* _What you will do_: With the images set aside, retype every record below character for character.

* _Stored items_:
§ §
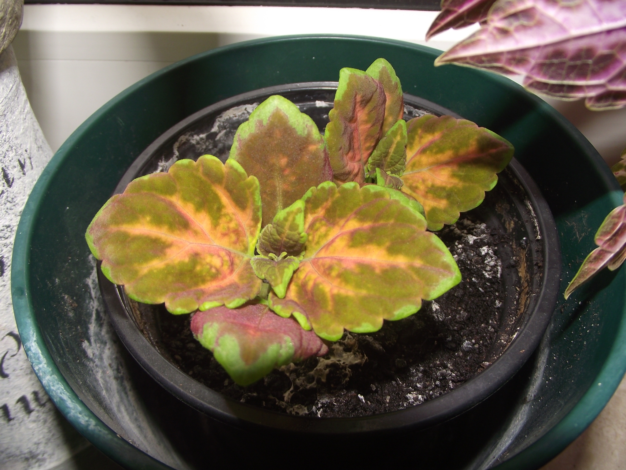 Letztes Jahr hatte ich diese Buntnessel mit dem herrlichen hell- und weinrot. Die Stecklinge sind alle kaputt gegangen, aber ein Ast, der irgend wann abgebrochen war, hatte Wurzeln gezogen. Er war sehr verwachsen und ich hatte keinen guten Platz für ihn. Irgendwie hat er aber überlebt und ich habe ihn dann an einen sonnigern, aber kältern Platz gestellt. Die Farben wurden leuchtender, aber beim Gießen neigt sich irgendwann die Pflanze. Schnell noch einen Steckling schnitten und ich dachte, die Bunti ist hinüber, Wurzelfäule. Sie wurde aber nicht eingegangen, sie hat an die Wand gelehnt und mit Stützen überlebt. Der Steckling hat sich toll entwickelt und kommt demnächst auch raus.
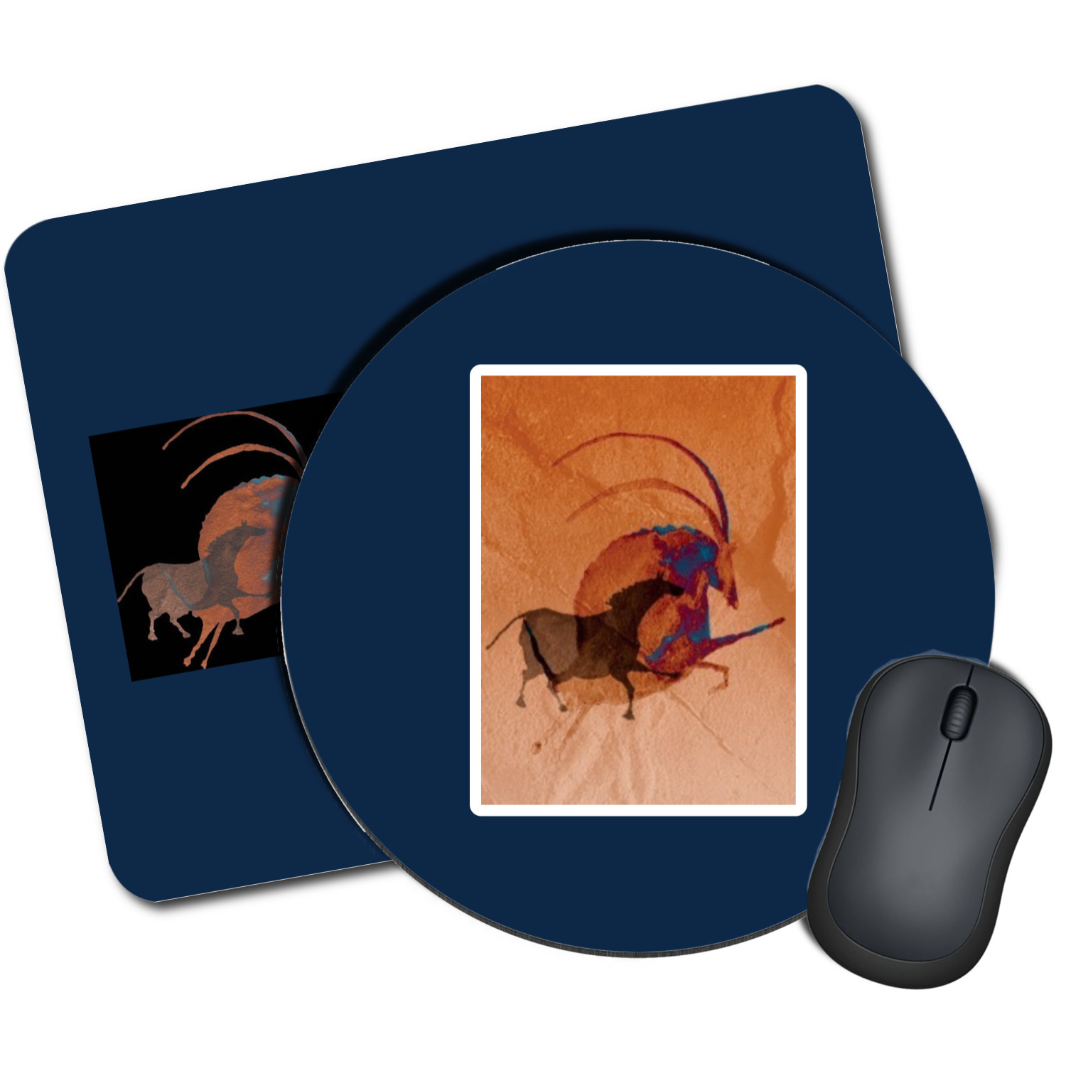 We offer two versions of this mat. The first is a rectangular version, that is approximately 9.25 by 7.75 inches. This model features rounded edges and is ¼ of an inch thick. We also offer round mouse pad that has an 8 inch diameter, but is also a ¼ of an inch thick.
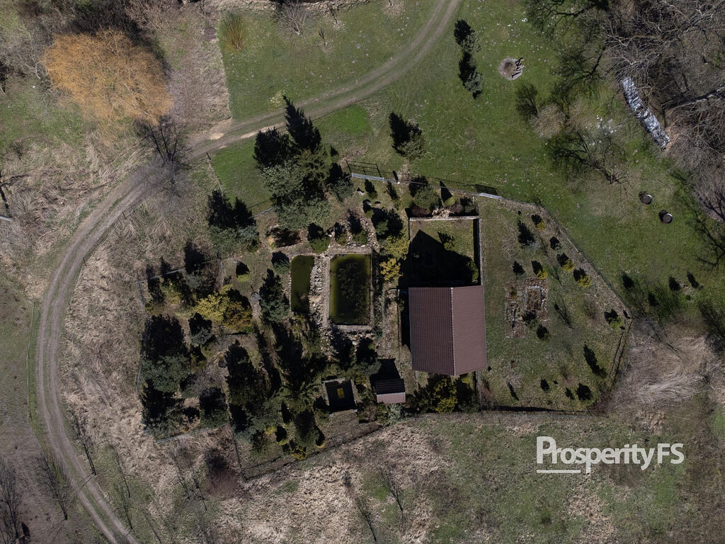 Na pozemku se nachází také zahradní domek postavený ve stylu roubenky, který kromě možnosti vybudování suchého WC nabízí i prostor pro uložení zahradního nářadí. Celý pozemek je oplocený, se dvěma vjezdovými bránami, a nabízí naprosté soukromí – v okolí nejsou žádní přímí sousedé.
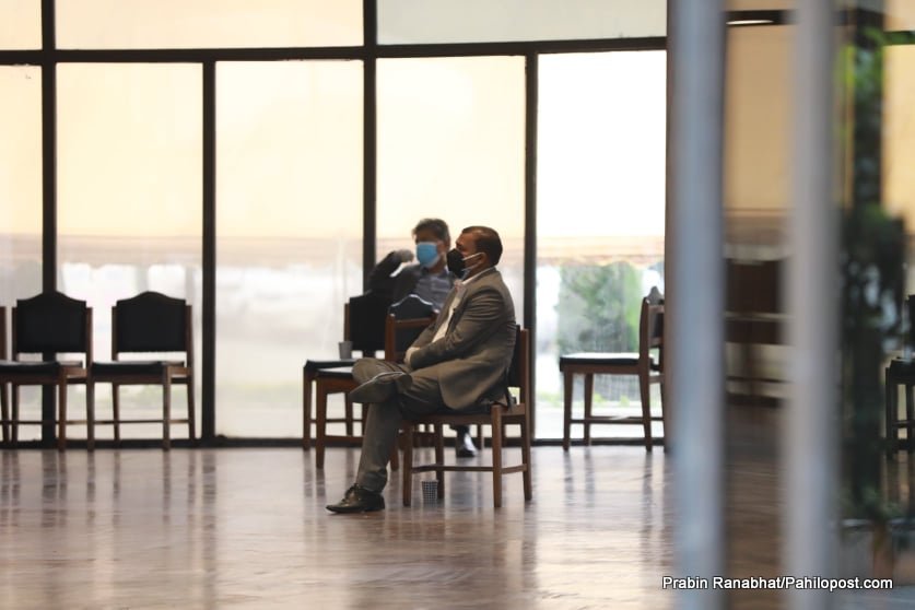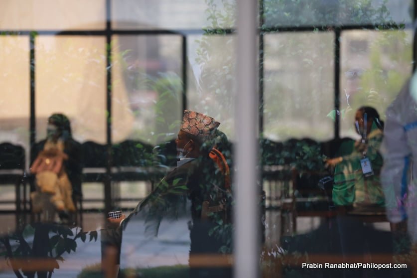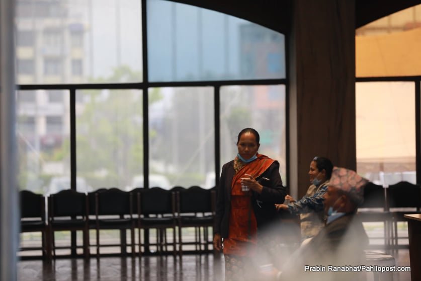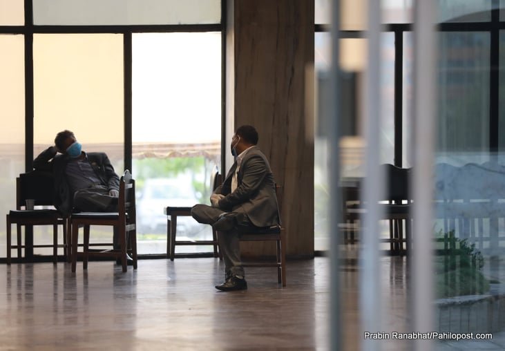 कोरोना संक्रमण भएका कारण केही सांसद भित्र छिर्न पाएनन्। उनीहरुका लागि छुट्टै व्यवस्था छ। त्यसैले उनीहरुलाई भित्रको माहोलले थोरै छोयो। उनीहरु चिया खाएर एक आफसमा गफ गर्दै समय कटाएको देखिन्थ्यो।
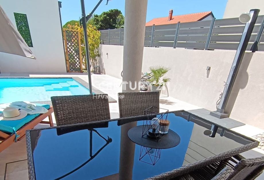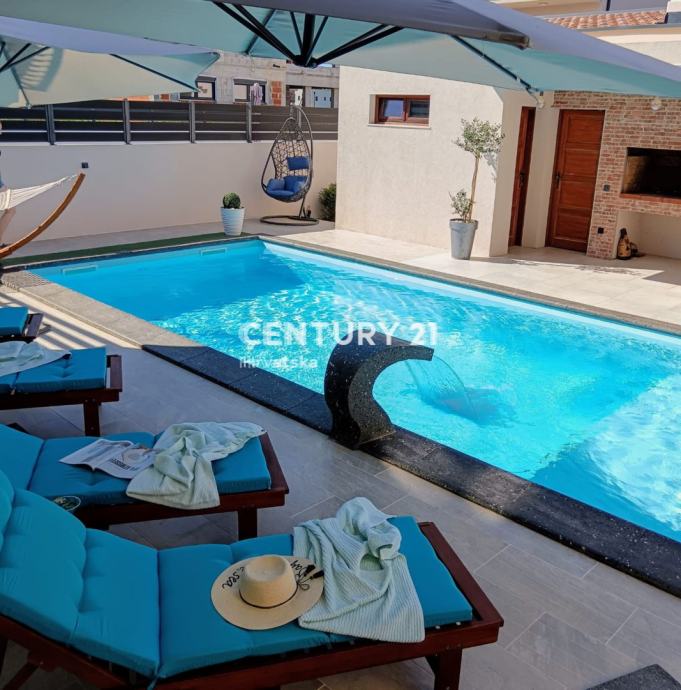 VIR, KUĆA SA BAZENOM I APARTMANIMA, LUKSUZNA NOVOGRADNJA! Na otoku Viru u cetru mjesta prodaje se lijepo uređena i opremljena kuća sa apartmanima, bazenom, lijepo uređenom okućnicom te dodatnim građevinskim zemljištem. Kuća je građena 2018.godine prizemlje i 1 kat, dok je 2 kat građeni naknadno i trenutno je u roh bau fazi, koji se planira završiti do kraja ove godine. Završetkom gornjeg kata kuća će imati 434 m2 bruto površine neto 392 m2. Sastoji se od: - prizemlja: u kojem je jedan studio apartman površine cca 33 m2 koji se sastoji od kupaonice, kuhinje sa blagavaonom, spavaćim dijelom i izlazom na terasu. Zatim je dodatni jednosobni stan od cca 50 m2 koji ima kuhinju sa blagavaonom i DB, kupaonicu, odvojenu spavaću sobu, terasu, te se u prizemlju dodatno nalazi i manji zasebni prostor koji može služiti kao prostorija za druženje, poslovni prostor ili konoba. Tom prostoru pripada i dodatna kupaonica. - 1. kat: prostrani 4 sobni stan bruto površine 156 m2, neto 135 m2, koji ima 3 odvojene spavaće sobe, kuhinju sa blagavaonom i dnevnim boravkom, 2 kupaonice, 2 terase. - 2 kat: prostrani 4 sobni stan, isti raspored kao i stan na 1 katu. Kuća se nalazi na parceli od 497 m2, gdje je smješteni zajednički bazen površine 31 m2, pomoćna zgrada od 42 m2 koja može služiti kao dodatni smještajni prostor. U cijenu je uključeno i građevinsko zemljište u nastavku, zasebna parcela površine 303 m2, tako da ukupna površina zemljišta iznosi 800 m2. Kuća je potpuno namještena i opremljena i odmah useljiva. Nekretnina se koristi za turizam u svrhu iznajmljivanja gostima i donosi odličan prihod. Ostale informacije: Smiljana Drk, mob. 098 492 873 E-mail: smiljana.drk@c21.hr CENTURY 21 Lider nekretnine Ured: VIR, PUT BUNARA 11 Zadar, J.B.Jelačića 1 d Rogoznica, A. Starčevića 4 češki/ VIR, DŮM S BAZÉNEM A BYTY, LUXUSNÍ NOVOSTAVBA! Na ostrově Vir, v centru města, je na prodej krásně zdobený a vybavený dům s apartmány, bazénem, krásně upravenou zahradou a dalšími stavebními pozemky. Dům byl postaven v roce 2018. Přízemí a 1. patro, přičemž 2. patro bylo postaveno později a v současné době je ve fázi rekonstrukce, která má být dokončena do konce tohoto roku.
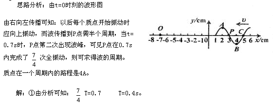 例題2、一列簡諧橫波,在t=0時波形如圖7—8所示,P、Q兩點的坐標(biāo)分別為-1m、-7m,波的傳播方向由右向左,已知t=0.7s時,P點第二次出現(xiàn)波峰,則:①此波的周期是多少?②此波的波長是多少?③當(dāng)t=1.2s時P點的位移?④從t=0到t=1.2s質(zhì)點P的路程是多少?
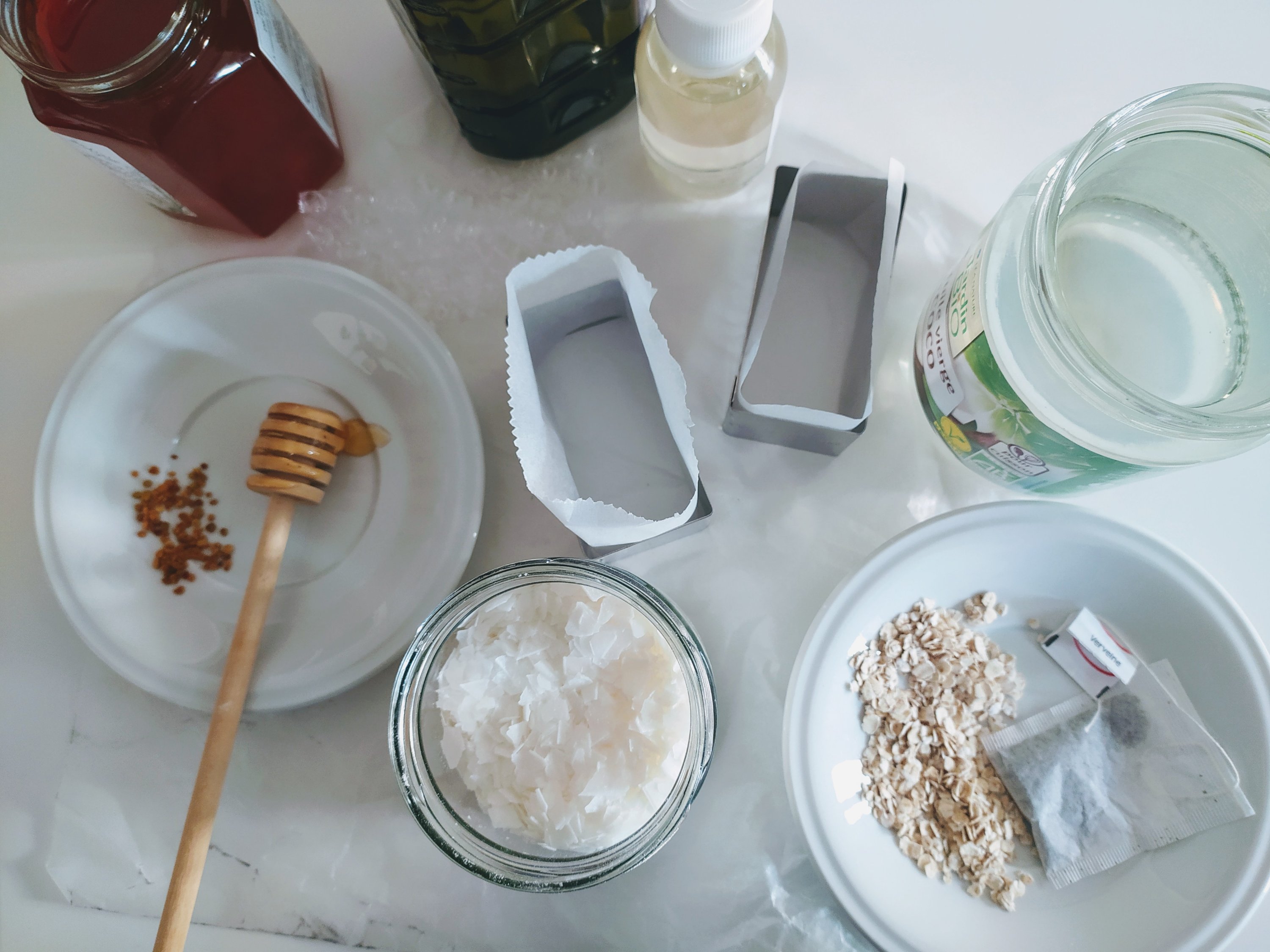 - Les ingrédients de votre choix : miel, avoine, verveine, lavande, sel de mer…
§ §
* _Completed exercise_:
 Letztes Jahr hatte ich diese Buntnessel mit dem herrlichen hell- und weinrot. Die Stecklinge sind alle kaputt gegangen, aber ein Ast, der irgend wann abgebrochen war, hatte Wurzeln gezogen. Er war sehr verwachsen und ich hatte keinen guten Platz für ihn. Irgendwie hat er aber überlebt und ich habe ihn dann an einen sonnigern, aber kältern Platz gestellt. Die Farben wurden leuchtender, aber beim Gießen neigt sich irgendwann die Pflanze. Schnell noch einen Steckling schnitten und ich dachte, die Bunti ist hinüber, Wurzelfäule. Sie wurde aber nicht eingegangen, sie hat an die Wand gelehnt und mit Stützen überlebt. Der Steckling hat sich toll entwickelt und kommt demnächst auch raus.
 We offer two versions of this mat. The first is a rectangular version, that is approximately 9.25 by 7.75 inches. This model features rounded edges and is ¼ of an inch thick. We also offer round mouse pad that has an 8 inch diameter, but is also a ¼ of an inch thick.
 Na pozemku se nachází také zahradní domek postavený ve stylu roubenky, který kromě možnosti vybudování suchého WC nabízí i prostor pro uložení zahradního nářadí. Celý pozemek je oplocený, se dvěma vjezdovými bránami, a nabízí naprosté soukromí – v okolí nejsou žádní přímí sousedé.
 कोरोना संक्रमण भएका कारण केही सांसद भित्र छिर्न पाएनन्। उनीहरुका लागि छुट्टै व्यवस्था छ। त्यसैले उनीहरुलाई भित्रको माहोलले थोरै छोयो। उनीहरु चिया खाएर एक आफसमा गफ गर्दै समय कटाएको देखिन्थ्यो।
 VIR, KUĆA SA BAZENOM I APARTMANIMA, LUKSUZNA NOVOGRADNJA! Na otoku Viru u cetru mjesta prodaje se lijepo uređena i opremljena kuća sa apartmanima, bazenom, lijepo uređenom okućnicom te dodatnim građevinskim zemljištem. Kuća je građena 2018.godine prizemlje i 1 kat, dok je 2 kat građeni naknadno i trenutno je u roh bau fazi, koji se planira završiti do kraja ove godine. Završetkom gornjeg kata kuća će imati 434 m2 bruto površine neto 392 m2. Sastoji se od: - prizemlja: u kojem je jedan studio apartman površine cca 33 m2 koji se sastoji od kupaonice, kuhinje sa blagavaonom, spavaćim dijelom i izlazom na terasu. Zatim je dodatni jednosobni stan od cca 50 m2 koji ima kuhinju sa blagavaonom i DB, kupaonicu, odvojenu spavaću sobu, terasu, te se u prizemlju dodatno nalazi i manji zasebni prostor koji može služiti kao prostorija za druženje, poslovni prostor ili konoba. Tom prostoru pripada i dodatna kupaonica. - 1. kat: prostrani 4 sobni stan bruto površine 156 m2, neto 135 m2, koji ima 3 odvojene spavaće sobe, kuhinju sa blagavaonom i dnevnim boravkom, 2 kupaonice, 2 terase. - 2 kat: prostrani 4 sobni stan, isti raspored kao i stan na 1 katu. Kuća se nalazi na parceli od 497 m2, gdje je smješteni zajednički bazen površine 31 m2, pomoćna zgrada od 42 m2 koja može služiti kao dodatni smještajni prostor. U cijenu je uključeno i građevinsko zemljište u nastavku, zasebna parcela površine 303 m2, tako da ukupna površina zemljišta iznosi 800 m2. Kuća je potpuno namještena i opremljena i odmah useljiva. Nekretnina se koristi za turizam u svrhu iznajmljivanja gostima i donosi odličan prihod. Ostale informacije: Smiljana Drk, mob. 098 492 873 E-mail: smiljana.drk@c21.hr CENTURY 21 Lider nekretnine Ured: VIR, PUT BUNARA 11 Zadar, J.B.Jelačića 1 d Rogoznica, A. Starčevića 4 češki/ VIR, DŮM S BAZÉNEM A BYTY, LUXUSNÍ NOVOSTAVBA! Na ostrově Vir, v centru města, je na prodej krásně zdobený a vybavený dům s apartmány, bazénem, krásně upravenou zahradou a dalšími stavebními pozemky. Dům byl postaven v roce 2018. Přízemí a 1. patro, přičemž 2. patro bylo postaveno později a v současné době je ve fázi rekonstrukce, která má být dokončena do konce tohoto roku.
 例題2、一列簡諧橫波,在t=0時波形如圖7—8所示,P、Q兩點的坐標(biāo)分別為-1m、-7m,波的傳播方向由右向左,已知t=0.7s時,P點第二次出現(xiàn)波峰,則:①此波的周期是多少?②此波的波長是多少?③當(dāng)t=1.2s時P點的位移?④從t=0到t=1.2s質(zhì)點P的路程是多少?
 - Les ingrédients de votre choix : miel, avoine, verveine, lavande, sel de mer…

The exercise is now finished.